Posted by NalaGinrut on 28 March 2015 5:09 AM (guile | scheme | ffi | c | pointer | bytevector | pcre | compiler | mal)

These days I'm facinated in working on MAL (stands for Make a Lisp) project with Guile. I've done several steps so far, and I'll send pull request when it's all finished. And I found my implementation in Guile-2.1 runs faster than most of others, only little slower than C version. Seems there's something to be expected. ;-)

Today I don't want to talk about this project. I want to discuss FFI in Guile. The reason why I jump to play FFI is because the spec of MAL uses PCRE for its tokenizer hint. Personally, I don't think it's good idea. Because in this case, PCRE regex hides all the lexer details for compiler writers. But if it's for beginner compiler hackers, this would reduce their pain on lexer.

Let me get into the topic in short, Guile has no good enough PCRE implementation so far. Oh, yes, there is my favorite irregex, very cool stuff, and supports most of PCRE features. Well, but I don't want to send my pull request including this lib, since it's too big. I would like to try a tiny & elegant solution. Then I saw FFI.

This case uses libpcre, if you need libpcre2, hmm...at least you have this article, right?

Prelude

There's something we need to put in front of code:

(use-modules (rnrs)            ; for bytevectors
             (system foreign)) ; for FFI

;; Get dynamic link from .so file, note you don't have to write .so explicitly.
(define pcre-ffi (dynamic-link "libpcre"))

Bind functions

Now pick existed functions in the .so lib you want to bind to Guile.

(define %pcre-compile2
  (pointer->procedure '*                                       ; specify return type, here, it's a pointer
                       (dynamic-func "pcre_compile2" pcre-ffi) ; get function pointer you want
                       (list '* int '* '* '* '*))              ; declare arguments' types according to function signature
...

Note, no matter what kind of C pointer you faced, '* is the only way to go.

pointer->procedure is used to convert C function pointer to a Guile callable procedure.

Helper functions

These helper functions would be useful as you will learn later.

(define (make-blob-pointer len)
  (bytevector->pointer (make-bytevector len)))
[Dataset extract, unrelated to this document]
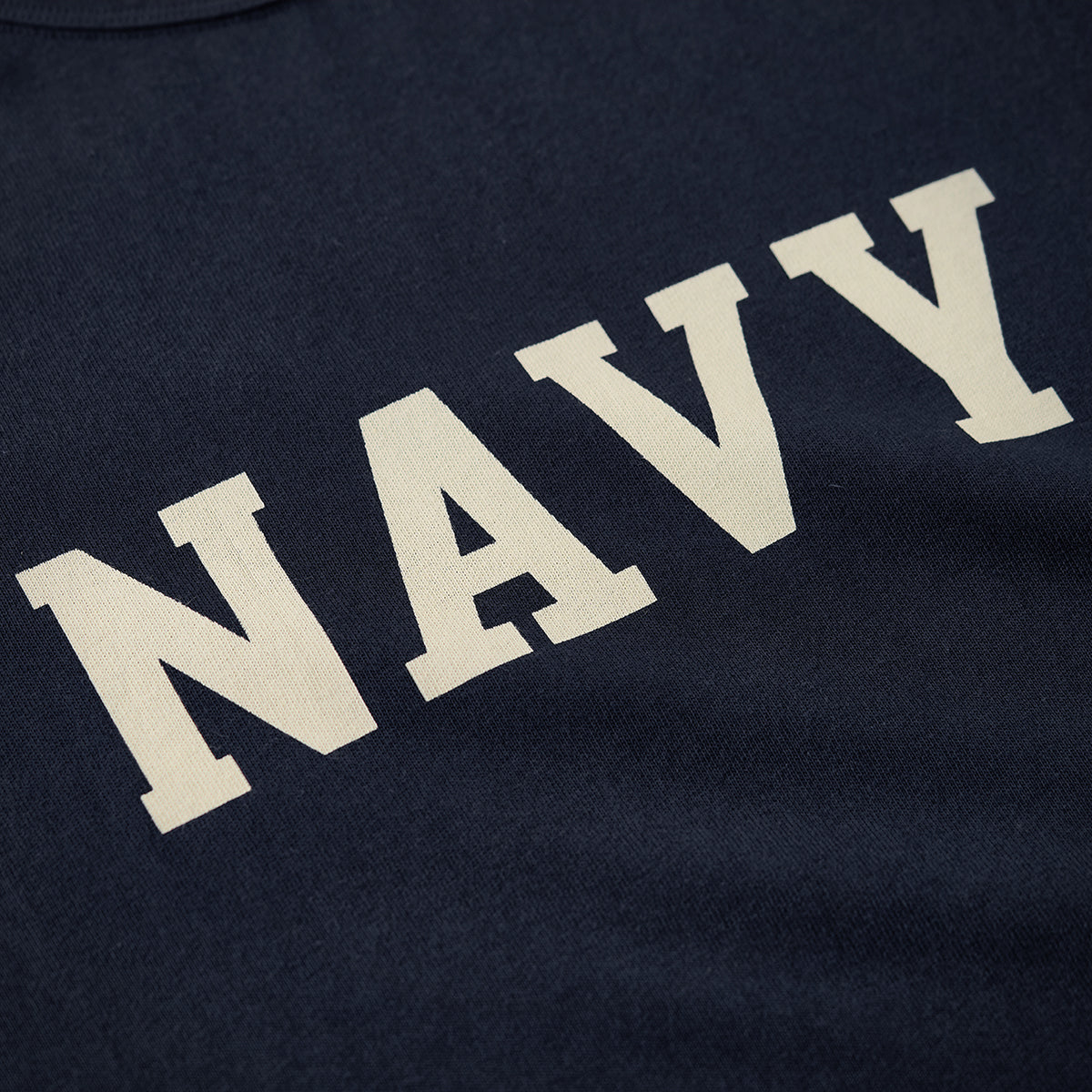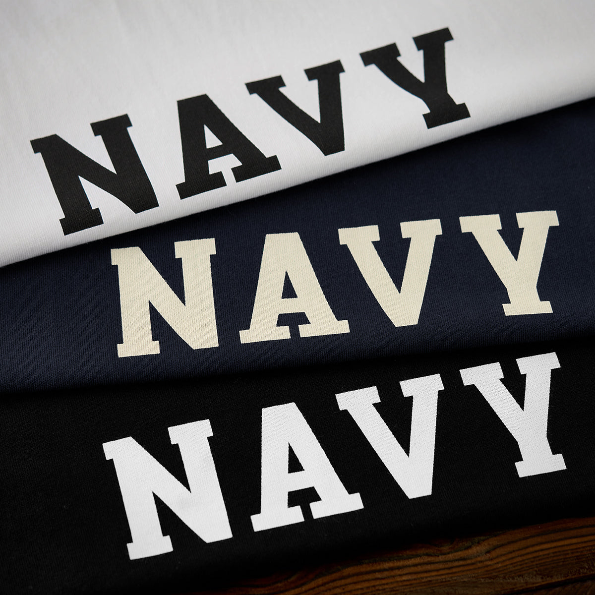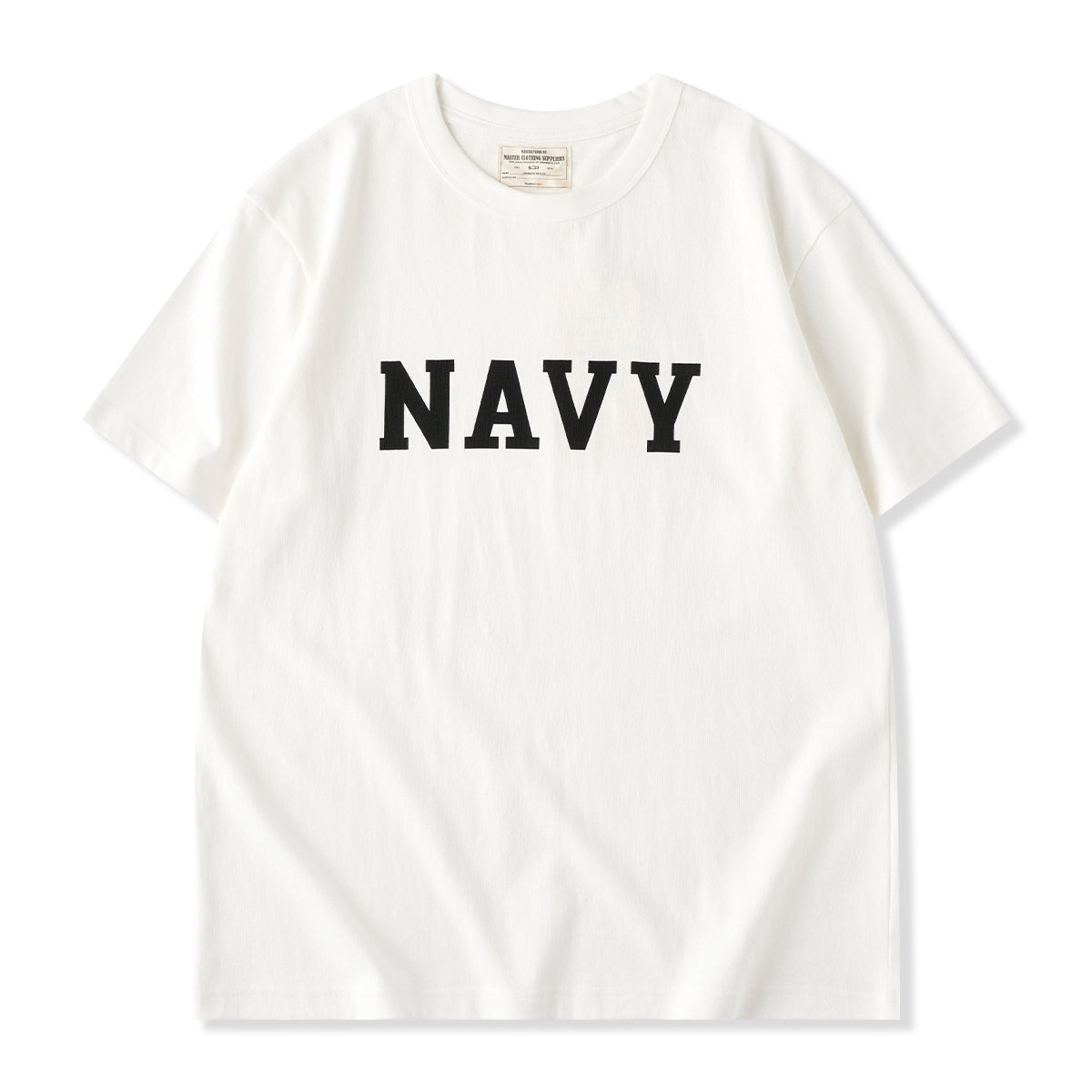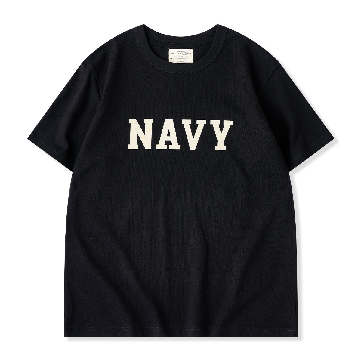 라운드넥과 넓은 봉제선으로 편안함과 내구성을 갖춘 티셔츠로, 가슴 중앙의 ‘NAVY’ 프린트가 심플하면서도 강렬한 포인트를 줍니다.

(define* (make-c-type-wrapper v l h type set ref #:optional (endian 'little))
  (define size (sizeof type))
  (define _obj (make-bytevector size 0))
  (or (and (> v l) (< v h)) (error "value is overflow!" v))
  (if (> size 1) (set _obj 0 v endian) (set _obj 0 v)) 
  (lambda (cmd . arg)
    (case cmd
      ((ref) (if (> size 1) (ref _obj 0 endian) (ref _obj 0)))
      ((set)
       (or (and (> (car arg) l) (< (car arg) h)) (error "value is overflow!" v))
       (if (> size 1) (set _obj 0 (car arg) endian) (set _obj 0 (car arg)))) 
      ((&) (bytevector->pointer _obj))
      (else (error "Invalid cmd, should be ref/set/&" cmd)))))

;; Assuming we're little endian in this case
(define (make-C-uint8 x)
  (make-c-type-wrapper x 0 255 uint8 bytevector-u8-set! bytevector-u8-ref))
(define (make-C-sint8 x)
  (make-c-type-wrapper x -128 127 sint8 bytevector-s8-set! bytevector-s8-ref))
(define (make-C-uint16 x)
  (make-c-type-wrapper x 0 65535 int16 bytevector-u16-set! bytevector-u16-ref))
(define (make-C-sint16 x)
  (make-c-type-wrapper x -32768 32767 sint16 bytevector-s16-set! bytevector-s16-ref))
(define (make-C-uint32 x)
  (make-c-type-wrapper x 0 4294967295 uint32 bytevector-u32-set! bytevector-u32-ref))
(define (make-C-sint32 x)
  (make-c-type-wrapper x -2147483648 2147483647 sint32 bytevector-s32-set! bytevector-s32-ref))
...
;; Try to finish the rest by yourself! Don't forget float!

C pointer tricks

IMO, the only difficulty in FFI is how you handle various C pointers to meet the arguments. Other types, int, long...are trivial.There're at least 4 situations.

Regular C pointer point to nothing, any types except pointer type

 
non_pointer_type *a;
func(a);

This kind of pointer is usually used to return value if one doesn't want to use function returning mechanism.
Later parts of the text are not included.